Work instruction:
Every record must be given again word for word; no picture belongs in the copy.

Dataset records:

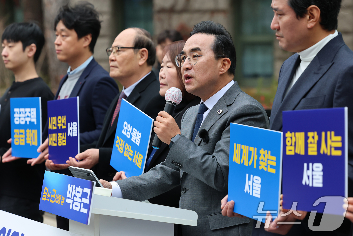 (서울=뉴스1) 오대일 기자 = 박홍근 더불어민주당 의원이 26일 서울시청 앞에서 내년 6월 치러지는 서울시장 선거 출마 선언을 하고 있다. 당 원내대표를 역임한 4선 중진 박 의원은 이날 민주당에서 가장 먼저 서울시장 출마를 공식 선언하며 서울의 새 역사를 쓰겠다고 다짐했다. 2025.11.26/뉴스1
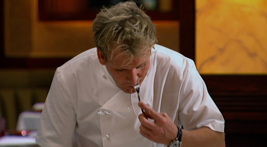 Chef Ramsay makes the nine remaining chefs take a blindfolded taste test. The winners get to go to a spa; the losers must clean the dorm.
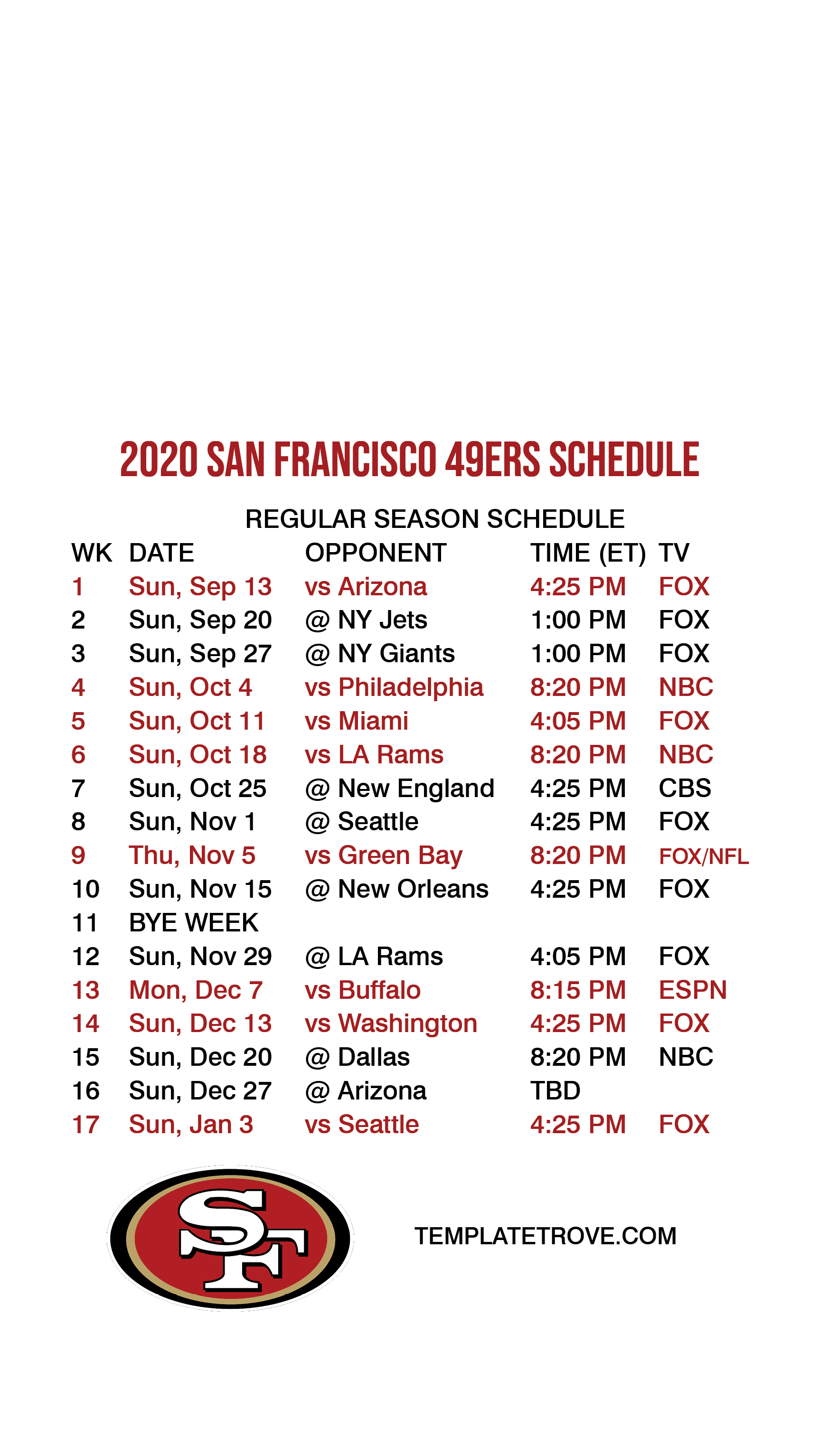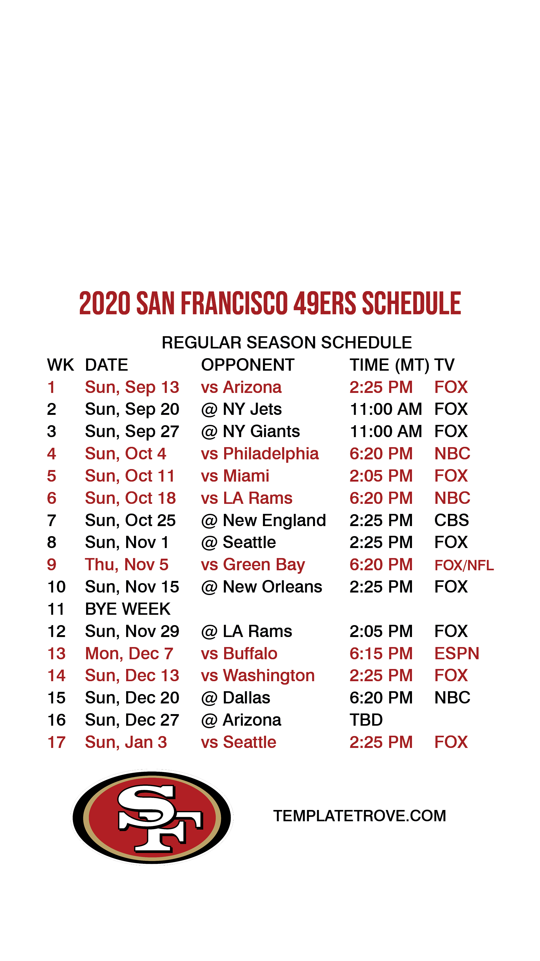 2020-21 San Francisco 49ers Lock Screen Schedule
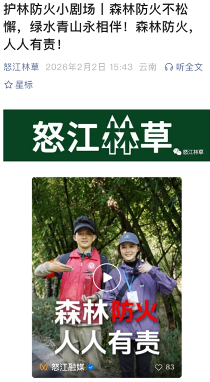 近日,怒江傈僳族自治州林业和草原局在“怒江澳门威尼斯人博彩”微信公众号上发布森林防火宣传短视频,提示森林防火,人人有责!
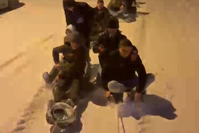 Bursa'nın Yenişehir ilçesinde bir grup genç, traktörün arkasına bağladıkları araç lastiklerine oturarak karda kaydı. Kilometrelerce kayarak ilerleyen gençlerin eğlenceli anları, saniye saniye amatör kamera ile kaydedildi.
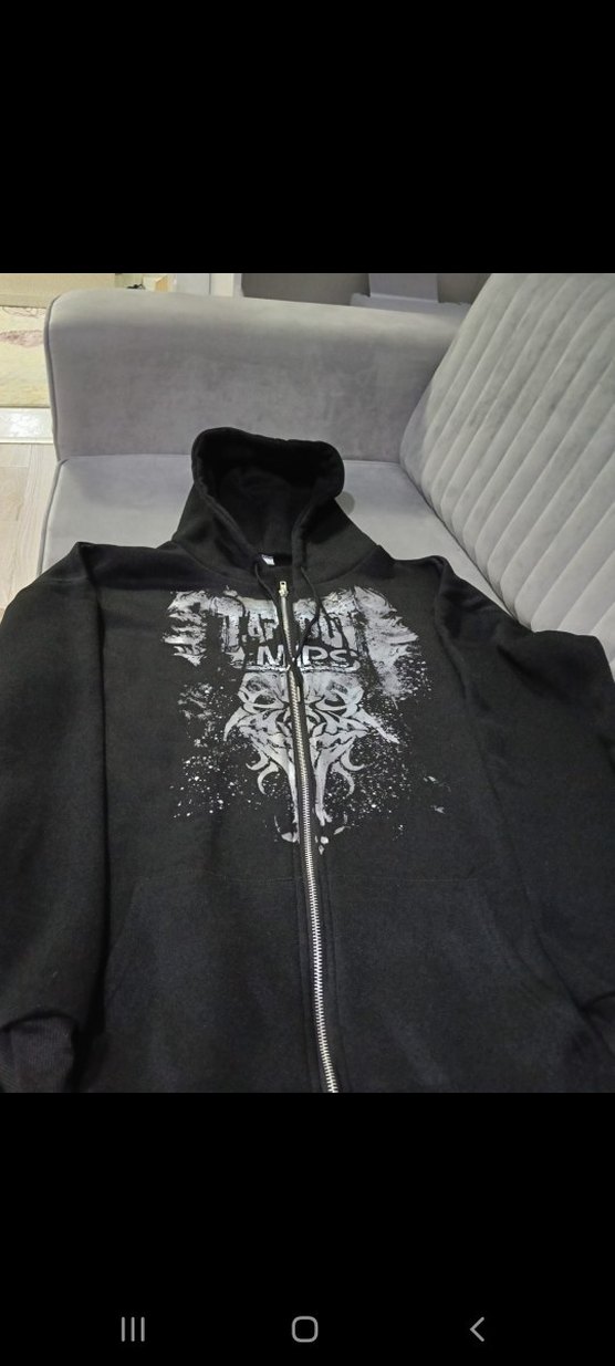 Fermuarlı önü ve kapüşonlu siyah, yumuşak ve sıcak kumaştan yapılmış fitted gotik sweatshirt. Önünde baskılı gotik desen, uzun kollu ve normal midi boyda, açık hava için uygun.
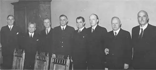The war-responsibility trials in Finland (Finnish: Sotasyyllisyysoikeudenkäynti, Swedish: Krigsansvarighetsprocessen) were trials of the Finnish wartime leaders held responsible for "definitely influencing Finland in getting into a war with the Soviet Union and United Kingdom in 1941 or preventing peace" during the Continuation War, the Finnish term for their participation in the Second World War from 1941–1944. Unlike other World War II war-responsibility trials, the Finnish trials were not international. The trials were conducted from November 1945 through February 1946 by a special court consisting of the presidents of the Supreme Court of Finland, the Supreme Administrative Court of Finland, a professor from the University of Helsinki and twelve MPs appointed by the Parliament of Finland. The accused were convicted and were imprisoned until they were eventually paroled and then pardoned.[1]
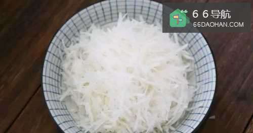 2锅中加入500ml的清水,放入萝卜丝,煮3分钟左右,萝卜丝变软后即可关火,煮过后的萝卜丝可以去除萝卜的辛辣味。
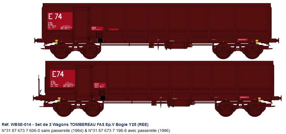 REE vient d'annoncer un programme commun avec Sud Express concernant les tombereaux Fas et Tam dont les E74, sortie prévue au 2ème trimestre 2021. Ces wagons ne sont pas typiquement des wagons employés sur des TTX, mais j'ai pu en croiser sur des trains d'acheminement de ballast neuf ou vieux au milieu d'Eaos ou de E71 (que Roco vient de ressortir). Je comptais en construire 2 ou 3 exemplaires en suivant l'excellent article d'Henri Disdichian dans Voies Ferrées (n° 180 à 182), REE/Sud Express me facilitent la tâche :D
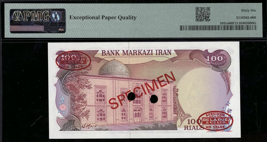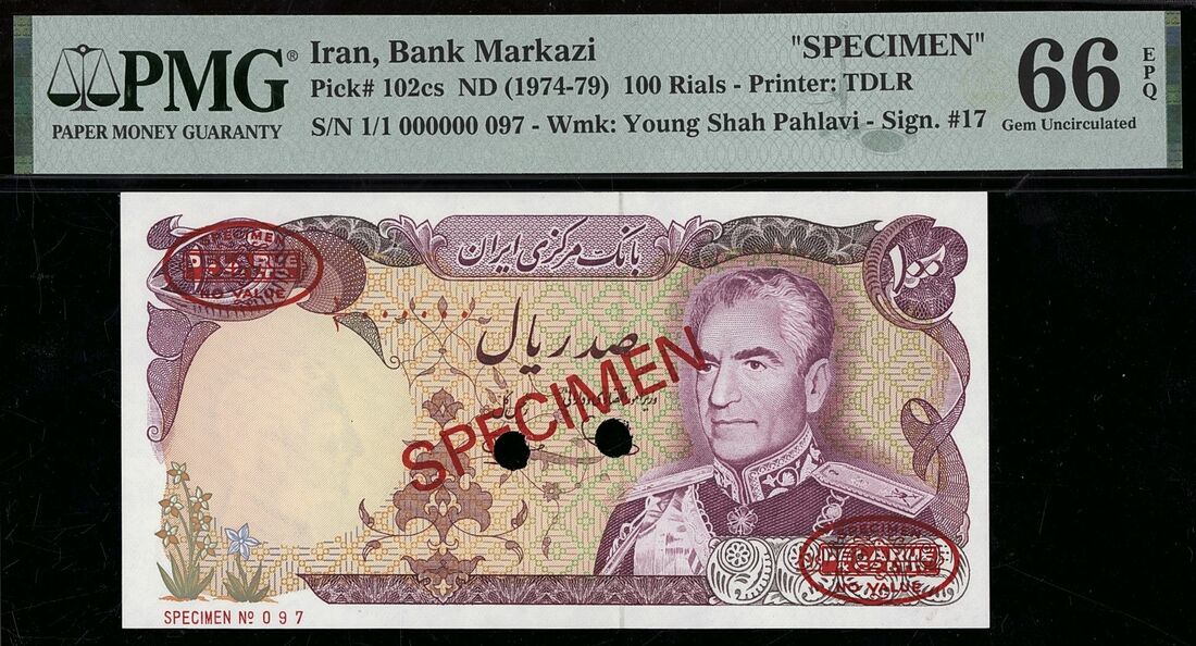(x) Bank Markazi, Iran, specimen 100 Rials, ND (1974-79), serial number 1/1 000000 097, (Pick 102cs, BNB 232), in PMG holder 66 EPQ Gem Uncirculated

Exercise output:
 (서울=뉴스1) 오대일 기자 = 박홍근 더불어민주당 의원이 26일 서울시청 앞에서 내년 6월 치러지는 서울시장 선거 출마 선언을 하고 있다. 당 원내대표를 역임한 4선 중진 박 의원은 이날 민주당에서 가장 먼저 서울시장 출마를 공식 선언하며 서울의 새 역사를 쓰겠다고 다짐했다. 2025.11.26/뉴스1
 Chef Ramsay makes the nine remaining chefs take a blindfolded taste test. The winners get to go to a spa; the losers must clean the dorm.
 2020-21 San Francisco 49ers Lock Screen Schedule
 近日,怒江傈僳族自治州林业和草原局在“怒江澳门威尼斯人博彩”微信公众号上发布森林防火宣传短视频,提示森林防火,人人有责!
 Bursa'nın Yenişehir ilçesinde bir grup genç, traktörün arkasına bağladıkları araç lastiklerine oturarak karda kaydı. Kilometrelerce kayarak ilerleyen gençlerin eğlenceli anları, saniye saniye amatör kamera ile kaydedildi.
 Fermuarlı önü ve kapüşonlu siyah, yumuşak ve sıcak kumaştan yapılmış fitted gotik sweatshirt. Önünde baskılı gotik desen, uzun kollu ve normal midi boyda, açık hava için uygun.
The war-responsibility trials in Finland (Finnish: Sotasyyllisyysoikeudenkäynti, Swedish: Krigsansvarighetsprocessen) were trials of the Finnish wartime leaders held responsible for "definitely influencing Finland in getting into a war with the Soviet Union and United Kingdom in 1941 or preventing peace" during the Continuation War, the Finnish term for their participation in the Second World War from 1941–1944. Unlike other World War II war-responsibility trials, the Finnish trials were not international. The trials were conducted from November 1945 through February 1946 by a special court consisting of the presidents of the Supreme Court of Finland, the Supreme Administrative Court of Finland, a professor from the University of Helsinki and twelve MPs appointed by the Parliament of Finland. The accused were convicted and were imprisoned until they were eventually paroled and then pardoned.[1]
 2锅中加入500ml的清水,放入萝卜丝,煮3分钟左右,萝卜丝变软后即可关火,煮过后的萝卜丝可以去除萝卜的辛辣味。
 REE vient d'annoncer un programme commun avec Sud Express concernant les tombereaux Fas et Tam dont les E74, sortie prévue au 2ème trimestre 2021. Ces wagons ne sont pas typiquement des wagons employés sur des TTX, mais j'ai pu en croiser sur des trains d'acheminement de ballast neuf ou vieux au milieu d'Eaos ou de E71 (que Roco vient de ressortir). Je comptais en construire 2 ou 3 exemplaires en suivant l'excellent article d'Henri Disdichian dans Voies Ferrées (n° 180 à 182), REE/Sud Express me facilitent la tâche :D
(x) Bank Markazi, Iran, specimen 100 Rials, ND (1974-79), serial number 1/1 000000 097, (Pick 102cs, BNB 232), in PMG holder 66 EPQ Gem Uncirculated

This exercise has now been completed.